Was mich trotzdem dazu brachte, „Als die Tiere den Wald verließen“ zu beenden, war die Hörbuchversion, die von Uve Teschner eingelesen wurde. Teschner verleiht jedem Tier eine ganze eigene Stimme, die sofort gewisse Charakterzüge suggeriert. Ob die jugendliche Lebendigkeit des Fuches, die bedächtige, langsame Art des Fuches, die wiederkehrende Scheinheiligkeit der Kreuzotter oder die Schlauheit und distanziert Kühle des Falken – Uve Teschner wechselt gekonnt und authentisch zwischen verschiedenen Altersgruppen, Stimmlagen, Größen und Emotionen. Dabei gelingt es ihm, allein durch die Stimme zu vermitteln, was ein Tier gerade beschäftigt, wie es sich bewegt oder welche Vorgeschichte es mitbringt. Das macht das Hören nicht nur abwechslungsreich und die ansonsten recht blassen Tiere facettenreicher, sondern verleiht dem Hörbuch etwas Vielstimmiges, Ensemblehaftes. Immer wieder musste ich mir bewusst machen, dass ich keiner mehrköpfigen Besetzung lausche, sondern einem einzigen Menschen.

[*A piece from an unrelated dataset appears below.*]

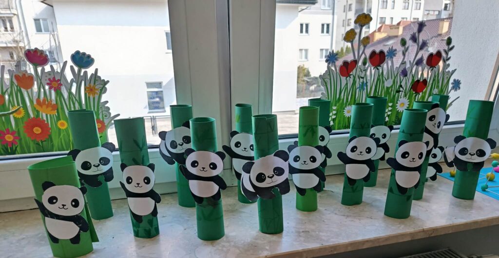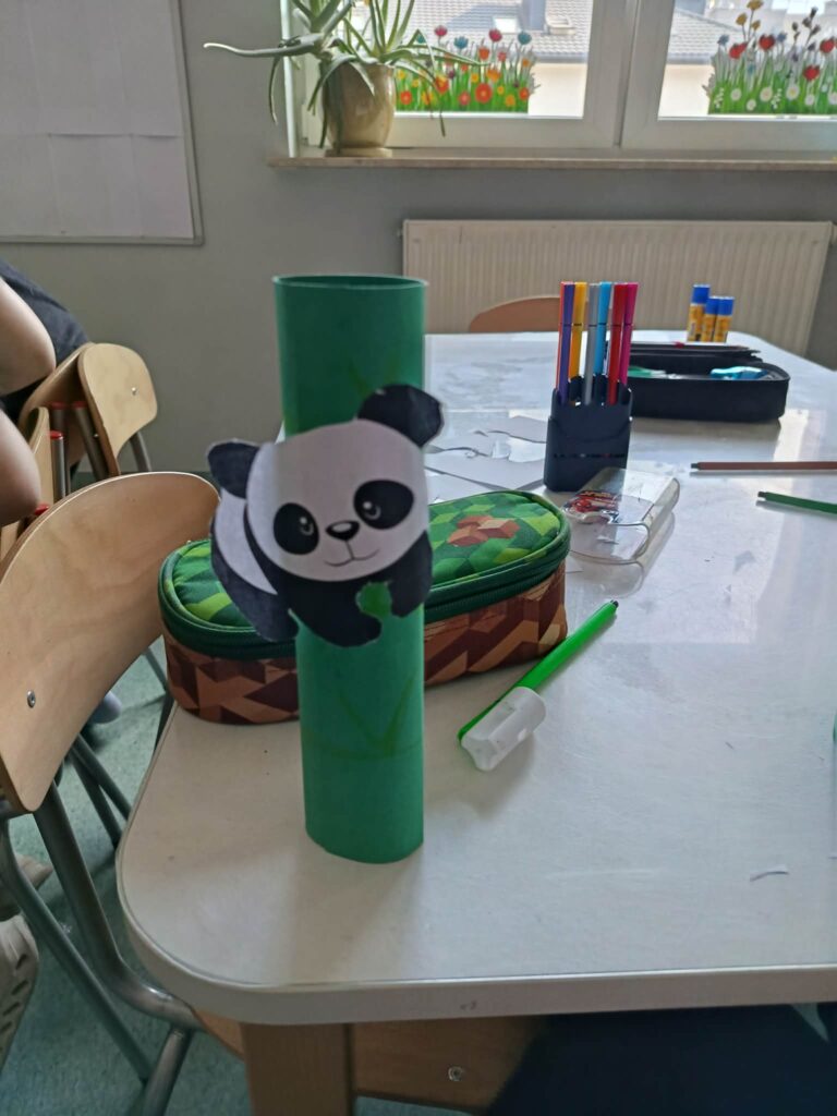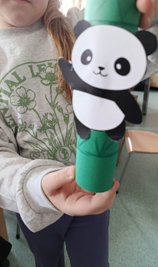 ⭐ Zajęcia obejmowały zabawę ruchową „Panda szuka bambusa” oraz pracę plastyczną – wykonanie pandy z wykorzystaniem zielonej rolki jako bambusa.
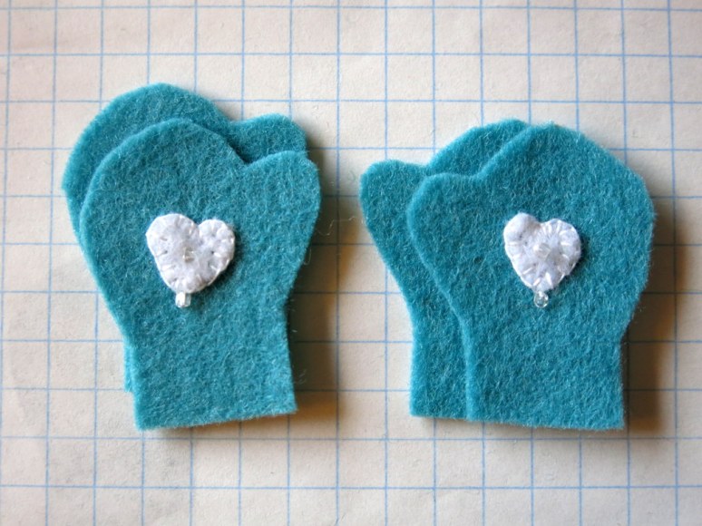 I decorate the middle two mittens so there will be one left mitten and one right. I have cut out a little felt heart, appliqued it to the mitten with blanket stitch, and a couple of beads. Other shapes are cute too, or embroidery or a combination of both.

Wer noch nie etwas von Uve Teschner gehört hat, sollte das unbedingt nachholen.

Fazit:

Ein Kinderbuchklassiker mit einer brandaktuellen Thematik, der aber voller Oberflächlichkeiten und Stereotypen steckt, weibliche Lebewesen nahezu ausklammert oder zu unmündigen „Anhängseln“ degradiert und seine Botschaften mit einer platten Holzhammermethode vermittelt. Allein Uve Teschners Lesung kann durchgehend begeistern.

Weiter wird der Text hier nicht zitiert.